> **Exercise prompt**: Repeat the records below exactly from the line containing "قلت: أثبات الأكوان" to the line containing "AIDS PROFILAKSES CENTRS", taking in both of those lines. Drop the pictures.

> **Task input**:

----------

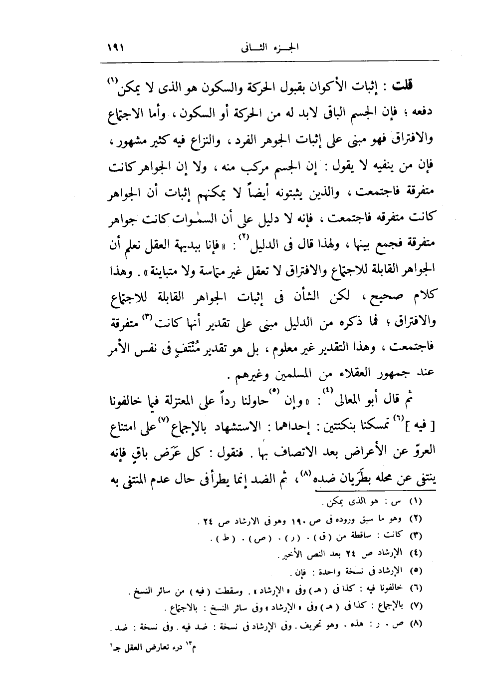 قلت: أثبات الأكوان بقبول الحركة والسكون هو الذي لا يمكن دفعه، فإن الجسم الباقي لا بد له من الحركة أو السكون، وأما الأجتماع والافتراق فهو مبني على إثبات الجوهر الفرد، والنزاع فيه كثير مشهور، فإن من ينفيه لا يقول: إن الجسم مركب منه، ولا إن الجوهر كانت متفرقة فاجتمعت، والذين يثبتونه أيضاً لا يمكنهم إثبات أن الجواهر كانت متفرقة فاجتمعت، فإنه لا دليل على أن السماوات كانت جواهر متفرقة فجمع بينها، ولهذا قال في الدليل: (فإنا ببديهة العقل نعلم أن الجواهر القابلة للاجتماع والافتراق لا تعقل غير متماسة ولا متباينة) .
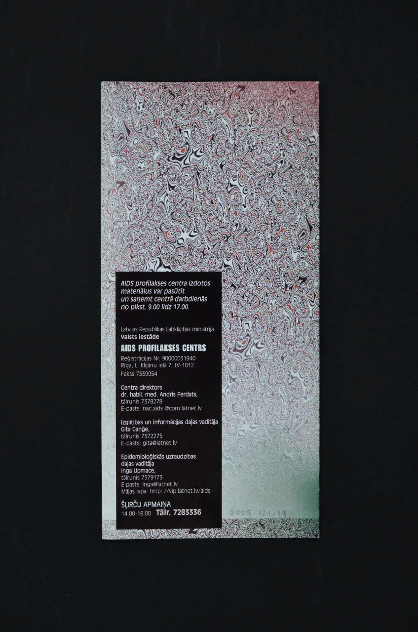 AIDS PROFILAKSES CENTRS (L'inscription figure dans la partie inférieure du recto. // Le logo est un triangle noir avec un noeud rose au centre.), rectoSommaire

----------

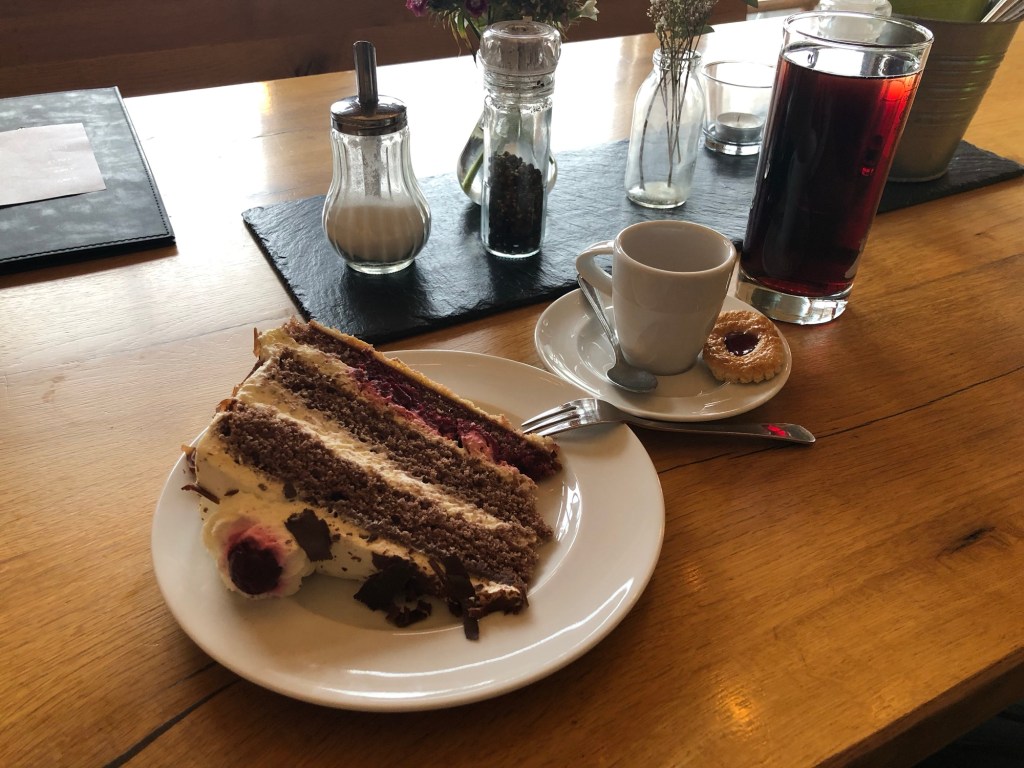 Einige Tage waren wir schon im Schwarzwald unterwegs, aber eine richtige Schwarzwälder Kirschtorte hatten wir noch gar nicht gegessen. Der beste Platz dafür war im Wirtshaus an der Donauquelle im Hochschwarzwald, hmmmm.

----------

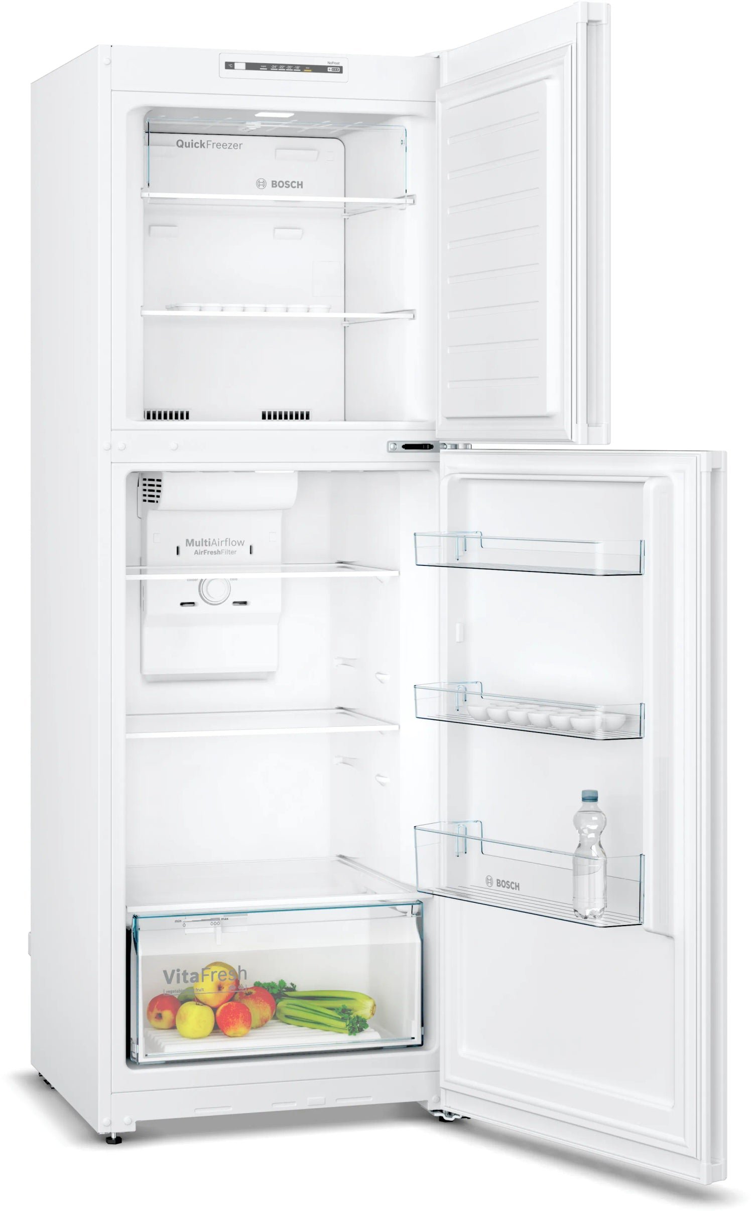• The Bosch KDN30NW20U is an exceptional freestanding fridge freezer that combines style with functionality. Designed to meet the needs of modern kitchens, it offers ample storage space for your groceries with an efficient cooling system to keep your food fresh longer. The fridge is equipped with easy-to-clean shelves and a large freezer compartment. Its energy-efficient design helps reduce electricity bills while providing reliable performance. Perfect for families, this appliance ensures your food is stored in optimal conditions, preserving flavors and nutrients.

----------

> **Output of the task**:
 قلت: أثبات الأكوان بقبول الحركة والسكون هو الذي لا يمكن دفعه، فإن الجسم الباقي لا بد له من الحركة أو السكون، وأما الأجتماع والافتراق فهو مبني على إثبات الجوهر الفرد، والنزاع فيه كثير مشهور، فإن من ينفيه لا يقول: إن الجسم مركب منه، ولا إن الجوهر كانت متفرقة فاجتمعت، والذين يثبتونه أيضاً لا يمكنهم إثبات أن الجواهر كانت متفرقة فاجتمعت، فإنه لا دليل على أن السماوات كانت جواهر متفرقة فجمع بينها، ولهذا قال في الدليل: (فإنا ببديهة العقل نعلم أن الجواهر القابلة للاجتماع والافتراق لا تعقل غير متماسة ولا متباينة) .
 AIDS PROFILAKSES CENTRS (L'inscription figure dans la partie inférieure du recto. // Le logo est un triangle noir avec un noeud rose au centre.), rectoSommaire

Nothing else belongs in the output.